What I also don't need to read, however, are pieces of apologeia like this. For a man with a wife and child, getting caught screwing his way through a parade of cocktail waitresses, club bunnies, starfuckers, and other assorted bimbos, and being forced to apologize publicly because you were caught, is not an opportunity for personal growth. It's a forced end to a pattern of egocentric, self-entitled, and frankly disgraceful behavior that it seems likely would have gone on had it not been uncovered. Tiger may mean it when he says he's sorry, but I suspect what he's really sorry about is getting caught, and it's as easy to read his apology as self-serving as sincere. If he really felt all that bad about betraying his family, he wouldn't have gone on doing it again and again, would he? If a normal married guy engaged in this kind of behavior, most people would consider him childish, irresponsible, and self-centered at the very least, and more likely a complete asshole. So please, Mr. Reilly, lets not wrap this turd up in a nice Hallmark bow and try to sell it as a learning experience or an endearingly human flaw that makes a superb athlete less distant from the rest of us, shall we?

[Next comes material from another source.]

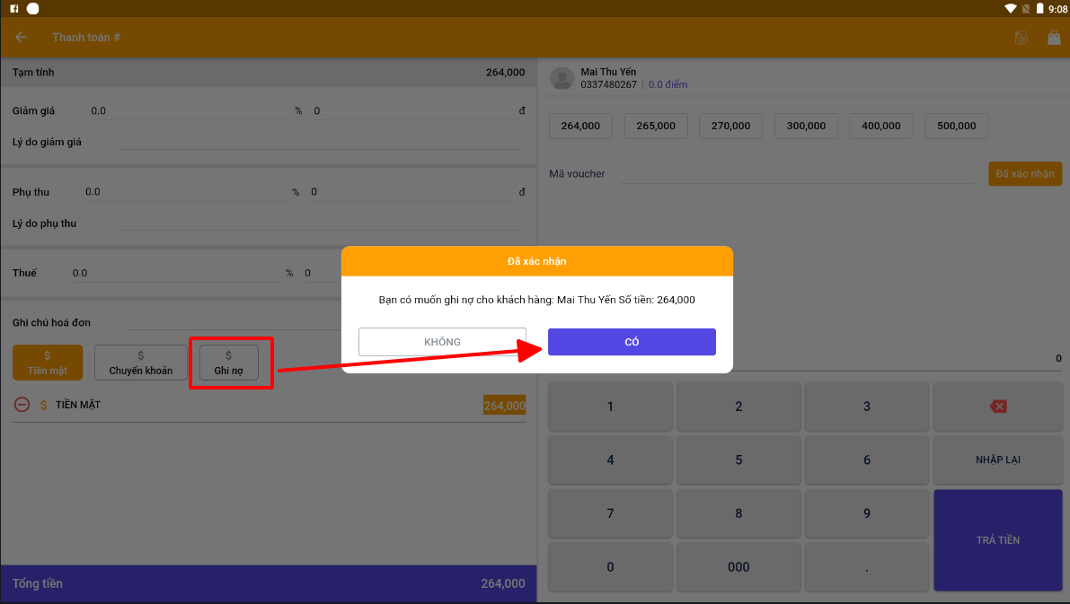 Tiếp theo ấn ghi ghợ > thì số tiền còn lại sẽ được hỏi có muốn ghi nợ cho khách hàng không

Whenever there's a scandal of this sort in entertainment or sports, journalists who cover those fields seem to split into three camps - the titillators, the scolds, and the apologists. The titillators report every lurid detail they can uncover with barely concealed glee, the scolds issue sanctimonious lectures on how we shouldn't be titillated, and the apologists write puff and spin aimed at rescuing the tarnished image of the celebrity in question. None of these are useful journalistic functions and the fact that they are so prevalent is one of the main reasons the mainstream media in these fields, for lack of a better word, sucks. I don't expect entertainers or athletes to be model human beings, and most adults I know (especially those who've actually had encounters with celebrities) don't either. When a celebrity has done some scummy things in his or her personal life and it becomes news as in this case, or as in the Steve McNair case earlier this year, I can form my own opinions on it. I don't need the mainstream media to admonish me for thinking a guy who runs around cheating on his wife left and right is a scumbag (and I might add, I wouldn't be as inclined as I am to articulate that "judgmental" opinion if the media didn't adopt "hero worship" as a default attitude toward its subjects and place these people on pedestals to begin with). And I also don't need a load of warm-and-fuzzy horseshit about how the experience of being exposed as a scumbag makes you a better person. Just put a sock in it, please.